Когда Эбергард спустился в залу, уже стемнело. Он ожидал художника Вильденбрука и Юстуса Армана, которые занимались раздачей купленных им подарков. Наступавший вечер Эбергард хотел посвятить воспоминаниям, сидя перед портретом отца Иоганна.
Но когда Сандок отворил дверь залы, Эбергард увидел на мраморном столе зажженную елку. Это был приятный сюрприз. Возле елки с довольным лицом стоял Мартин – эта елка была его затеей. Эта сохранившая запах леса елка с восковыми свечами вызвала в Эбергарде воспоминания о том давно прошедшем времени, когда отец Иоганн такие елки каждый год устраивал для него. Он молча подошел к Мартину и крепко пожал ему руку.
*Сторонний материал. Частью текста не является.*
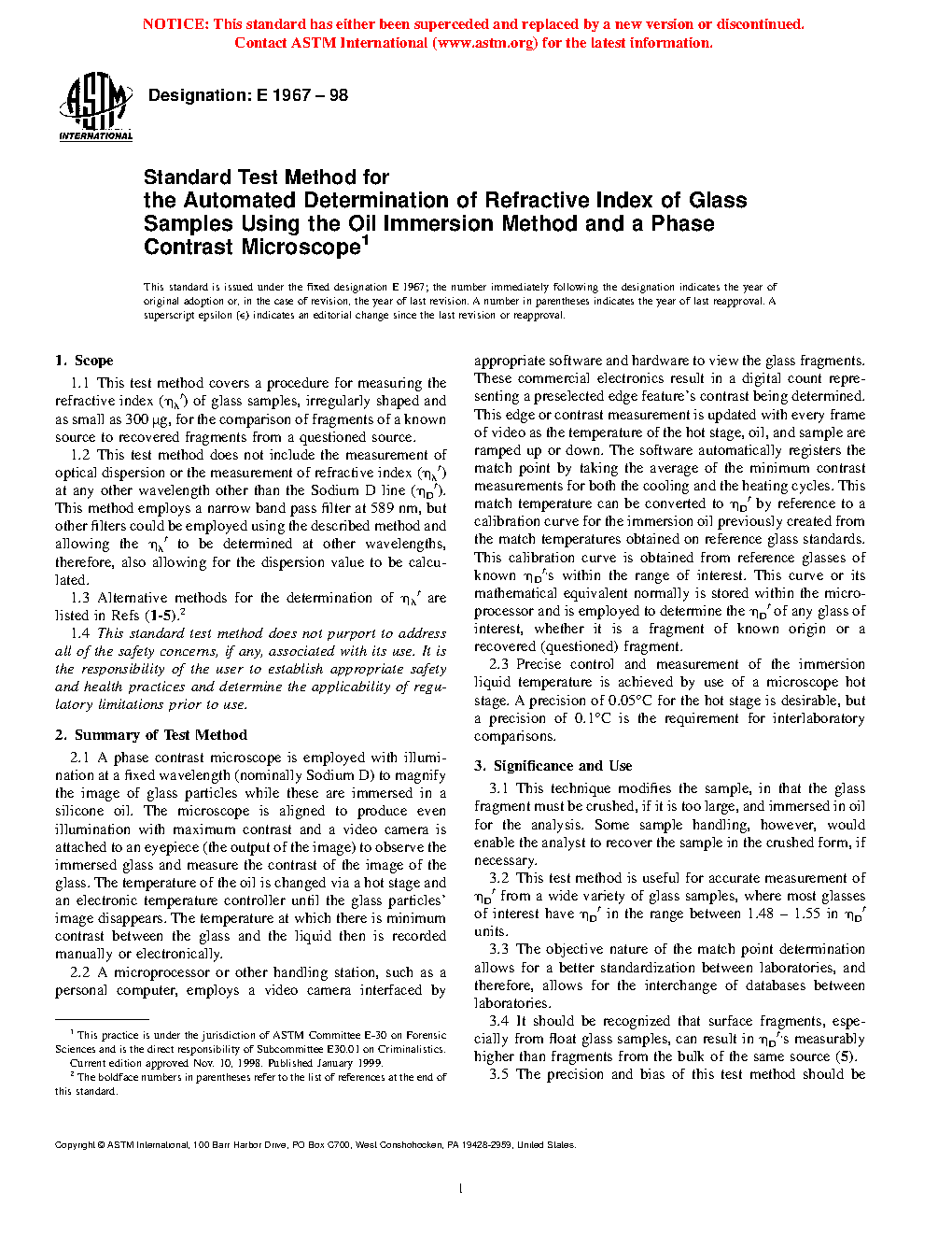 1.2 This test method does not include the measurement of optical dispersion or the measurement of refractive index (ηλt) at any other wavelength other than the Sodium D line (ηDt). This method employs a narrow band pass filter at 589 nm, but other filters could be employed using the described method and allowing the ηλt to be determined at other wavelengths, therefore, also allowing for the dispersion value to be calculated.

– Не стоит благодарности, господин Эбергард! – проговорил честный моряк. – Не стоит благодарности! Посмотрите-ка, что здесь приготовил для вас господин Вильденбрук. Он так прекрасно нарисовал на полотне наше Монте-Веро!
Эбергард увидел три картины, стоявшие за елкой, которых он, войдя, не заметил. Это были те самые картины, о которых художник несколько дней назад говорил на балу принцессе.
На одном из полотен была его прекрасная вилла. Он узнал даже своих управляющих и двух больших собак, лежавших у веранды; каждая пальма, каждый куст были как живые. Эбергард невольно улыбнулся.
На двух других картинах были изображены плантации сахарного тростника и река и гавань Монте-Веро. Эбергард долго не мог оторвать взгляд от произведений Вильденбрука.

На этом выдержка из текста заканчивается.